2. Background of the Disclosure
A target detection technique in a marine detection research field may include an active acoustic signal detection technique using a principle that a signal is transmitted to a target and then the signal is returned to the original position by the target, a passive acoustic signal detection technique using a principle that an acoustic signal transmitted from a target is received for detection, etc.
According to the active acoustic signal detection technique, a target is detected by using a signal transmitted to the target which is silently moving in water, and then returned by the target. In this active acoustic signal detection technique, it is important to generate an acoustic signal of a high output so as to detect a remote underwater target.
In order to generate an acoustic signal of a high output, a plurality of acoustic sensors are preferably arranged rather than a single acoustic sensor is used. By arranging the plurality of acoustic sensors, a transmitting beam of a high output is formed based on an output sum of each acoustic sensor toward a specific direction. Here, the beam-forming may be implemented in various manners. Generally, directivity and an output are increased as the number of acoustic sensors is increased.
In order to detect an acoustic signal reflected by a target by the active acoustic signal detection technique, or an acoustic signal directly emitted from a target by the passive acoustic signal detection technique in a wide range of marine environments, a signal has to be received in various directions. In order to precisely detect a target by receiving a signal in a wide range of directions, a plurality of acoustic sensors are used to form a receiving beam thus to increase a receiving gain. And, a plurality of receiving beams with respect to a wide range of directions are generated to precisely obtain an azimuth.
In order to precisely generate a receiving beam, the number and arrangements of sensors are important. Here, the directional beams can be precisely generated as the number of sensors is increased.
Both in the active acoustic signal detection technique and the passive acoustic signal detection technique, it is important to arrange sensors.
However, the active acoustic signal detection technique has been developed with focusing on a high output of a transmitting signal, rather than focusing on arrangements of sensors. And, the passive acoustic signal detection technique has been developed with focusing on enhancing a passive detection function by generating precise directional beams with respect to a wide range of directions.
Especially, in case of a body of a moving object which moves at a high speed in water such as an underwater guided weapon, a front part of the body of the moving object is formed in a streamlined shape due to many problems including noise. This restriction in shape causes not only the number of sensors but also arrangements of sensors to be severely limited.
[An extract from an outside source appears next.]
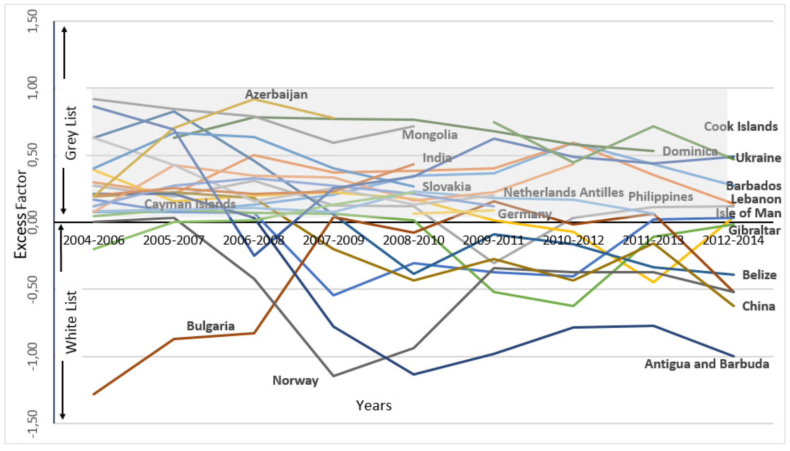 The change of excess factor of grey-listed flag states from 2006 to 2014.

More concretely, in a condition of the streamlined shape, there is a problem in forming a transmitting beam of a high output due to a small number of sensors which can be arranged. Furthermore, even if sensors are arranged in a state that a front shape of a body of a moving object which moves at a high speed has been changed in order to form a transmitting beam of a high output, there is a limitation in detecting a target in a wide range of directions.